Le ragioni di Conte sull’urgenza di dismettere definitivamente la maschera del “Vaffa” sono inattaccabili. Idem la pretesa di emanciparsi una volta per tutte dalla formula della setta che come un sol uomo annuisce in automatico ad ogni batter di ciglia dell’ “Elevato”. Inesorabilmente, questo informe pseudo rinnovamento del fare politica si è rivelato da subito il più obsoleto e oscurantista dei conservatorismi. Un modus operandi che negli anni si è nutrito avidamente di fake news, complottismo, demonizzazione dell’avversario e più in generale delle istituzioni, cieco giustizialismo, linguaggio violento e sessista.

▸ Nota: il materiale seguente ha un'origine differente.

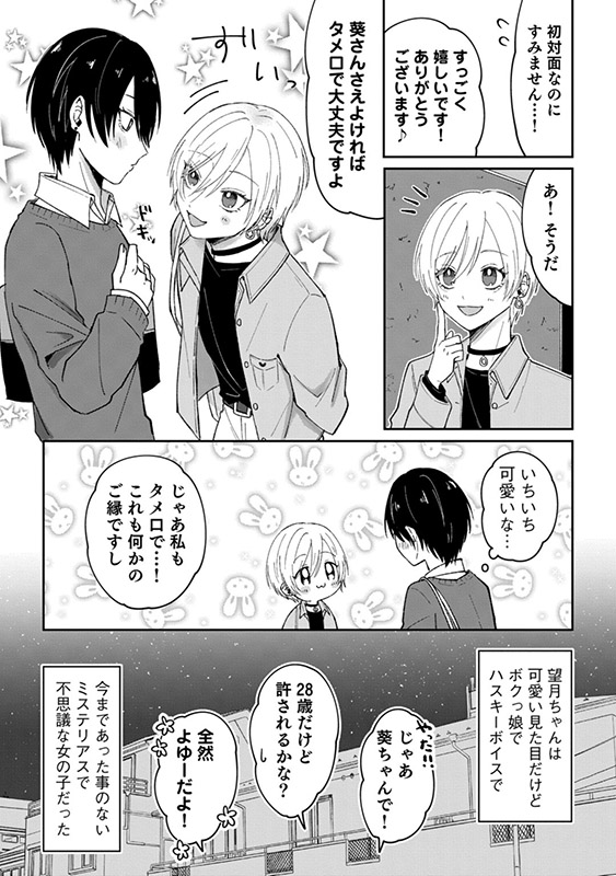 読み切り「私のかわいい望月くん」より年下の男前ジェンダーレス男子×実は少女趣味なクールOLの二人が再登場!二人の出会い編が新連載でスタートです!

Un vuoto di idee e di competenza che non poteva reggere a lungo. Un vuoto che, infatti, è stato aborrito e superato dalla natura, degli uomini e delle cose. Alcuni grillini, alla prova di governo, al netto del giudizio sull’operato, hanno tuttavia assunto una dimensione istituzionale che li pone anni luce dalle feroci macchiette interpretate ai “box di partenza”, conquistati per la prima volta nel lontano 2013. Sono pochissimi, ma esistono. E non c’è dubbio che Luigi Di Maio ne rappresenti l’esempio più eclatante. Uomini dunque, ma anche cose. Un esempio su tutti: la “maggioranza Ursula”, formatasi all’indomani del voto europeo del 2019. Trattasi di un fatto politicamente enorme, di cui i grillini sono parte integrante. Di fronte a tutto questo, la narrazione dei puristi nostalgici alla Di Battista ormai fa solo tenerezza.

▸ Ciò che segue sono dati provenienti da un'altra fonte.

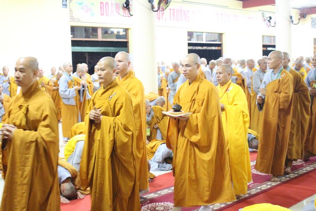 Ban cung nghinh đã trang nghiêm lễ thỉnh chư Tôn Thập Sư Tăng quang lâm Phật điện để chính thức khai lễ. Sau khi chư Tôn giáo phẩm Hội đồng Thập Sư niêm hương bạch Phật, chất vấn già nạn thì các Giới tử Tỳ-kheo được hướng dẫn xếp thành 175 đàn, mỗi đàn 3 vị lần lượt thứ tự vào giới trường để tấn đàn cầu thọ giới Tỳ-kheo, dưới sự điều phối của ban quản giới tử. Trước chư Tôn giáo phẩm Hội đồng Thập sư, nghi thức được diễn ra đúng y như Pháp, như Luật bạch tứ Yết-ma, truyền giới Tỳ-kheo thành tựu giới pháp trọn vẹn. Các Giới tử được xả y Sa-di. Hòa thượng Yết-ma Thích Minh Thông hướng dẫn các Giới tử Tỳ-kheo thọ trì 3 y: An-đà-hội, Uất-đa-la và Tăng-già-lê, truyền bình bát, tọa cụ, đãy lọc nước cho giới tử.

Ma il punto su cui, paradossalmente, Grillo ha assolutamente ragione è il seguente: Conte è davvero in grado di guidare un processo delicato come la normalizzazione di uno dei partiti più populisti della nostra storia repubblicana? Non c’è forse il rischio altissimo che l’operazione fallisca miseramente, in favore delle peggiori pulsioni estremiste che vediamo svolazzare fameliche, nascoste dalla facciata di artificiosa moderazione dell’ex premier?

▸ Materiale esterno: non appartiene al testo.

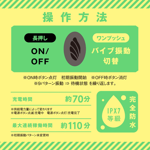 アナニーにおすすめスティックバイブ★ 細型スティックで優しく挿入&フィット責め体験♪ ハトプラより超初心者にオススメなアナニーバイブが登場! 高品質ソフトシリコンでとっても柔らかく肉壁を 波状に密着&擦り責めするプニプニウェーブ! 自在に曲がり挿入に優しい仕様のベンドスティック♪ セルフプレイも簡単で初心者家ら超玄人も即イキ可能っ! 女の子みたいにイケるメス堕ちイキ仕様の優秀バイブ! 9パターン振動 IPX7等級防水 完全防水でお手入れも簡単!本体は充電式なのでエコに使用可能。 ※本体:充電時間約70分 ※本体:最大連続稼働時間約110分(初期振動パターン未変更時)
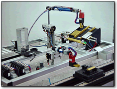 - Το σύστημα αποτελείται από ταινιόδρομο κλειστής διαδρομής, επί του οποίου μεταφέρονται παλέτες με αντικείμενα και εξαρτήματα προς τους διάφορους σταθμούς της προσομοιούμενης βιομηχανικής παραγωγής ολοκληρωμένης με Η/Υ (CIM).

Conte è lo sconosciuto avvocato catapultato a Palazzo Chigi proprio in virtù della sua inconsistenza politica, per svolgere il compito di figurante-esecutore del contratto di governo tra Lega e M5S. È l’uomo che ha guidato il governo che ha lasciato i migranti in mare a soffrire le pene dell’inferno e che ha realizzato gli infami decreti sicurezza, da lui stesso branditi con tronfia soddisfazione a favore di flash e telecamere. È il premier che ha rivendicato con fierezza il populismo, arrivando a sostenere che perfino la nostra Costituzione ne fosse intrisa. È il capo di governo che sulla pandemia ha imbastito un immaginifico show permanente, mentre intanto venivano sprecate montagne di soldi pubblici in primule e mascherine farlocche. Per non parlare dell’umiliante bocciatura del suo Recovery Plan da parte di un’Europa basita e preoccupata, e della sua politica estera così filo trumpiana e filo putiniana da far vacillare seriamente la reputazione dell’Italia di membro fedele e affidabile dell’euroatlantismo. Da ultimo, la sceneggiata della caccia ai responsabili.
Questo è un leader? O piuttosto un figurante mal consigliato? Nei fatti, per ora, sembra solo un Grillo più educato e meglio vestito.